== Instructions for the task ==
Transcribe, without any change, the line that includes "智云Smooth-X手机智能" and all the lines that come after it in the material below.

== Dataset extract ==
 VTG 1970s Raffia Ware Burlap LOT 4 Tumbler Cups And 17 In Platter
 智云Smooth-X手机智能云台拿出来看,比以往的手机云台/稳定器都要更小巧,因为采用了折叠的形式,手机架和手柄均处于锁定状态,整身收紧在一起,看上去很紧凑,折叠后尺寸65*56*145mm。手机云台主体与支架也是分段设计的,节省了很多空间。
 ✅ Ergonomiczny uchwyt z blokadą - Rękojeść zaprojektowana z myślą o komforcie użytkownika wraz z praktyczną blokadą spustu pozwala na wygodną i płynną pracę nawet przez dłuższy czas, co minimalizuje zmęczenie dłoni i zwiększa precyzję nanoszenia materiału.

== Response to this exercise ==
 智云Smooth-X手机智能云台拿出来看,比以往的手机云台/稳定器都要更小巧,因为采用了折叠的形式,手机架和手柄均处于锁定状态,整身收紧在一起,看上去很紧凑,折叠后尺寸65*56*145mm。手机云台主体与支架也是分段设计的,节省了很多空间。
 ✅ Ergonomiczny uchwyt z blokadą - Rękojeść zaprojektowana z myślą o komforcie użytkownika wraz z praktyczną blokadą spustu pozwala na wygodną i płynną pracę nawet przez dłuższy czas, co minimalizuje zmęczenie dłoni i zwiększa precyzję nanoszenia materiału.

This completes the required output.